The flagship feature of zoomerjoin is are the tidy joins for strings using the Jaccard distance, but zoomerjoin also allows you to join vectors using Euclidean distance. This can be useful for joining addresses or coordinates in space.
Unlike other nearest-neighbor methods such as KD-trees, the joins do not slow down as the dimension of the coordinates increases, so zoomerjoin can be used can be used to find close points in a high-dimensional space (such as word embeddings).
For this demonstration, I create a simulated dataset of 10^5 points distributed uniformly within a 100-dimensional hypercube. I join this to another dataset which is a copy of the first with each point shifted an tiny random amount.
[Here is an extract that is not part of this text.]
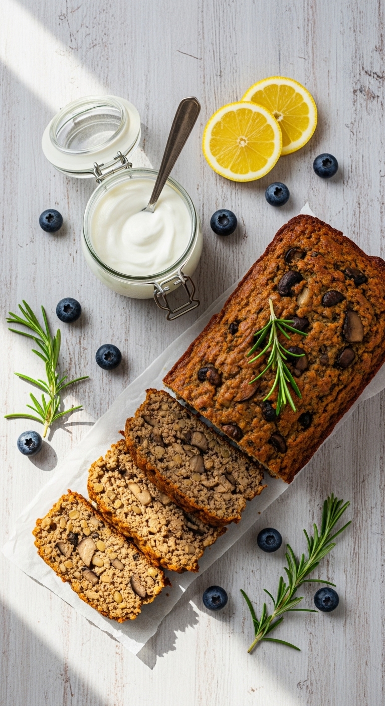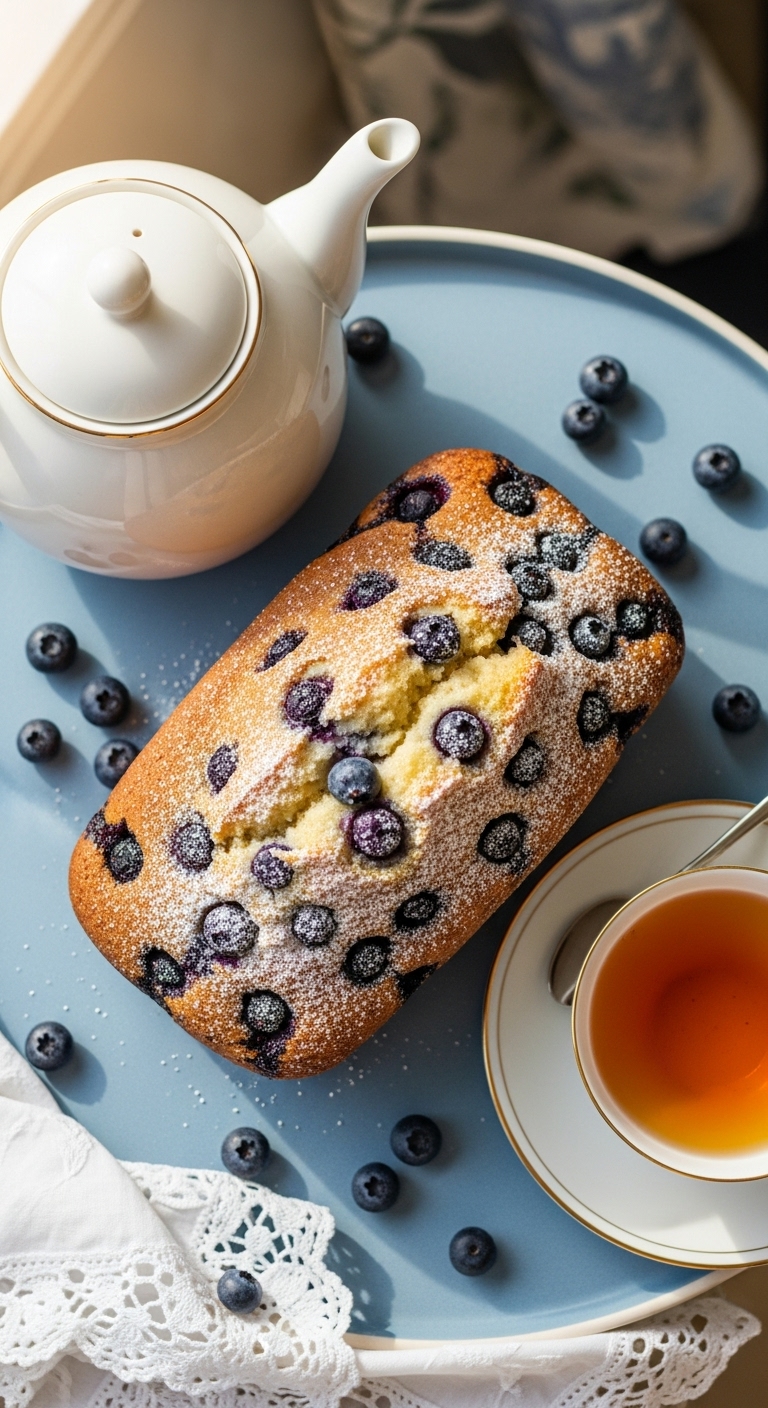 Serve slices warm with a smear of butter or lemon ricotta. Garnish with extra lemon zest and a few fresh blueberries. Pair with coffee, Earl Grey, or a bright sparkling water. Store wrapped at room temperature 2 days or refrigerate up to 4 days. To make ahead, freeze the cooled loaf whole or sliced for up to 3 months.

n <- 10^5 # number of data points
d <- 10^2 # dimension
# Create a matrix of 10^6 observations in R^100
X <- matrix(runif(n * d), n, d)
# Second Dataset is a copy of the first with points shifted an infinitesimal
# amount
X_2 <- as.data.frame(X + matrix(rnorm(n * d, 0, .0001), n, d))
X <- as.data.frame(X)
I now want to join these two datasets together. The Euclidean joins
take 3 hyperparameters: n_bands
, band_width
,
and r
. Which all have to be chosen for the problem domain
(although the defaults are generally sensible).
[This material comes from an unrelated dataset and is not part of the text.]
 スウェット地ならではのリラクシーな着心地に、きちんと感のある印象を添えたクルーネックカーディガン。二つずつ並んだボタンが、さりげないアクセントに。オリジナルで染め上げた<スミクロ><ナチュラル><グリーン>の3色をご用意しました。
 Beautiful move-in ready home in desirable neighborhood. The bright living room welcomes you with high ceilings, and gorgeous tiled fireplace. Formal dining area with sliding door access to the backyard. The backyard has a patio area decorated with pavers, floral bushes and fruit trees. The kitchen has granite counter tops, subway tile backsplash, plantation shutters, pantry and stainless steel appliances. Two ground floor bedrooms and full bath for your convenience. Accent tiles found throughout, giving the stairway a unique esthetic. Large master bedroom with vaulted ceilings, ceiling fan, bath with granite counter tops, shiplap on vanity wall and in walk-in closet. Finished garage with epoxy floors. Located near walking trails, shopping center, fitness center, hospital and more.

I use the euclidean_probability
function in the package
to understand the probability that two observations at distance of .01
from each other are indentified as a match at a variety of
hyperparameter configurations.
euclidean_probability(.01, n_bands = 5, band_width = 8, r = .25)
#> [1] 0.9993764
euclidean_probability(.1, n_bands = 5, band_width = 8, r = .25)
#> [1] 0.2141322
euclidean_probability(.01, n_bands = 10, band_width = 4, r = .15)
#> [1] 0.9999999
euclidean_probability(.1, n_bands = 10, band_width = 4, r = .15)
#> [1] 0.4956251
euclidean_probability(.01, n_bands = 40, band_width = 8, r = .15)
#> [1] 1
euclidean_probability(.1, n_bands = 40, band_width = 8, r = .15)
#> [1] 0.16091
Using n_bands=40
, band_width=8
, and
r=.15
seems to provide a good balance between identifying
all true matches (as pairs less than .01 apart are guaranteed to be
found) with reducing the number of un-promising comparisons (as pairs
greater than .1 apart are unlikely to be compared). I then use the
euclidean_inner_join
to find all matching pairs across the
two datasets:
set.seed(1)
start <- Sys.time()
joined_out <- euclidean_inner_join(
X,
X_2,
threshold = .01,
n_bands = 40,
band_width = 8,
r = .15
)
n_matches <- nrow(joined_out)
time_taken <- Sys.time() - start
print(paste("found", n_matches, "matches in", round(time_taken), "seconds"))
#> [1] "found 100000 matches in 13 seconds"
Zoomerjoin is able to easily find all pairs in just under 30s (perhaps longer on the runner that renders the website), even though the points lie in high-dimensional (d=100) space. This makes zoomerjoin a useful tool when trying to join or find matches between datasets of word or document embeddings.